WORK ORDER: Please output exactly the part of the records below that opens with the line containing "Discover the unmatched" and closes with the line containing "Get the lovingly", both lines included, and nothing else.

EXTRACTED ENTRIES:

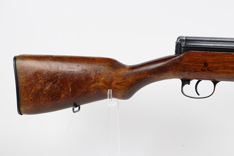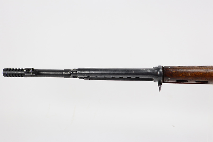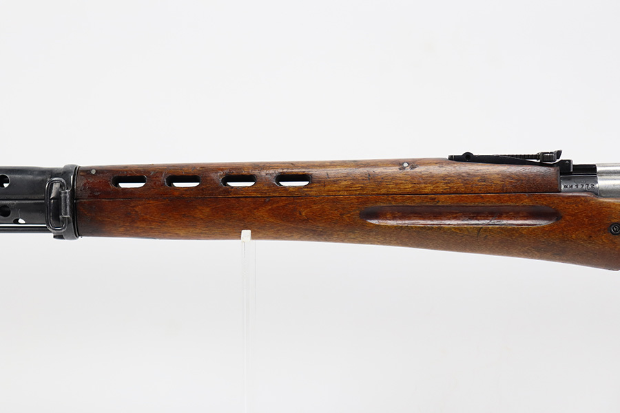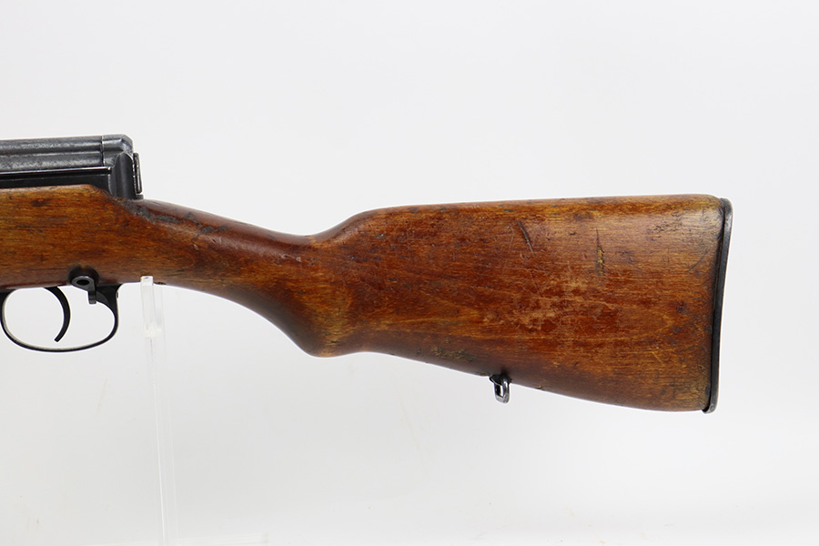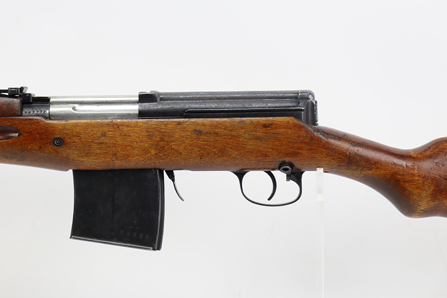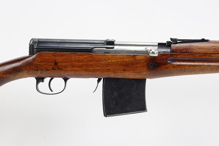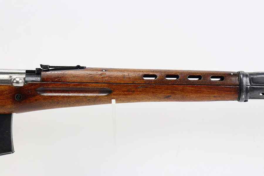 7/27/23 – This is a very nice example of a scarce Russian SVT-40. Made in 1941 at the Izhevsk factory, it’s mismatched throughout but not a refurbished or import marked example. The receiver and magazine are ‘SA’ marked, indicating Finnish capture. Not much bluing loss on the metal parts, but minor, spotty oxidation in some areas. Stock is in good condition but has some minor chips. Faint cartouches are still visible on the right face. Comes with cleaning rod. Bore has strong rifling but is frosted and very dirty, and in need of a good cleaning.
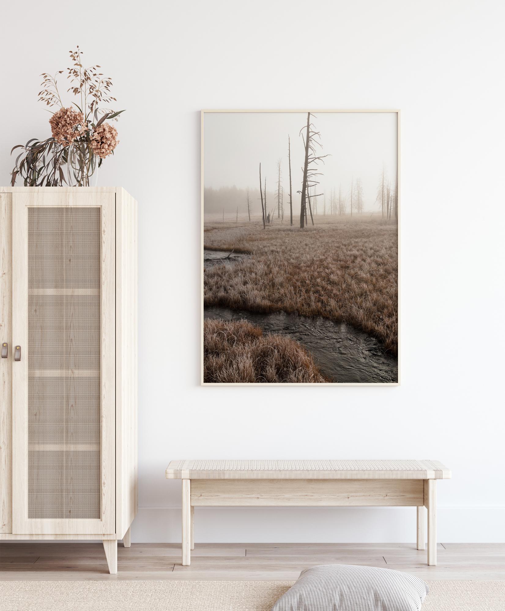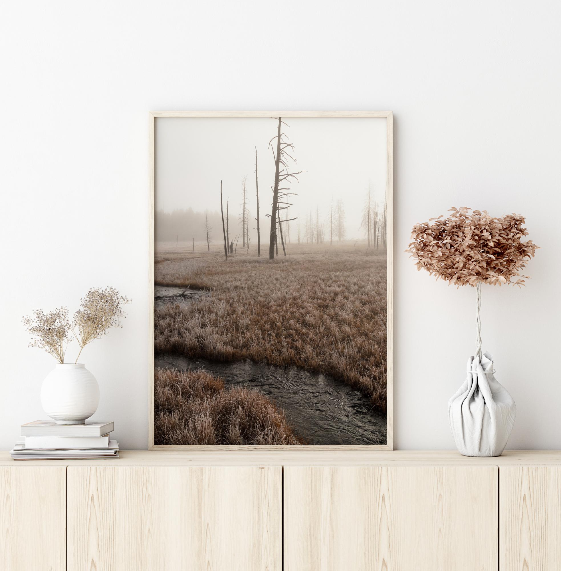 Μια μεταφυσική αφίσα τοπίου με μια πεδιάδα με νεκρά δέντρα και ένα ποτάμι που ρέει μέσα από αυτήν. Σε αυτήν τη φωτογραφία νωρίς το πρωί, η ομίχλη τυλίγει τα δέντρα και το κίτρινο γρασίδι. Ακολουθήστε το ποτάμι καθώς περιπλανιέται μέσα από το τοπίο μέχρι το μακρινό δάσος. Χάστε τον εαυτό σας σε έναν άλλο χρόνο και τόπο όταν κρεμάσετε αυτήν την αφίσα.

==

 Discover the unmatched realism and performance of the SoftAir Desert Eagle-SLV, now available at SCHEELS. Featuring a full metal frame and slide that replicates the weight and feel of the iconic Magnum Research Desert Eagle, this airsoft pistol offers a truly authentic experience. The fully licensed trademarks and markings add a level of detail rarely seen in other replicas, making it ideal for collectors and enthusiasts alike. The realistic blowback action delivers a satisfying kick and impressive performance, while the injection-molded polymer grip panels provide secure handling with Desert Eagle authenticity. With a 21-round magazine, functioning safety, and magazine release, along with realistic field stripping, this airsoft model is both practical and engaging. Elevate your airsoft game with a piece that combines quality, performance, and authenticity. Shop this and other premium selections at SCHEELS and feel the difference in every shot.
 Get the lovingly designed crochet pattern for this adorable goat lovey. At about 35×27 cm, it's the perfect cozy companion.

OUTPUT:
 Discover the unmatched realism and performance of the SoftAir Desert Eagle-SLV, now available at SCHEELS. Featuring a full metal frame and slide that replicates the weight and feel of the iconic Magnum Research Desert Eagle, this airsoft pistol offers a truly authentic experience. The fully licensed trademarks and markings add a level of detail rarely seen in other replicas, making it ideal for collectors and enthusiasts alike. The realistic blowback action delivers a satisfying kick and impressive performance, while the injection-molded polymer grip panels provide secure handling with Desert Eagle authenticity. With a 21-round magazine, functioning safety, and magazine release, along with realistic field stripping, this airsoft model is both practical and engaging. Elevate your airsoft game with a piece that combines quality, performance, and authenticity. Shop this and other premium selections at SCHEELS and feel the difference in every shot.
 Get the lovingly designed crochet pattern for this adorable goat lovey. At about 35×27 cm, it's the perfect cozy companion.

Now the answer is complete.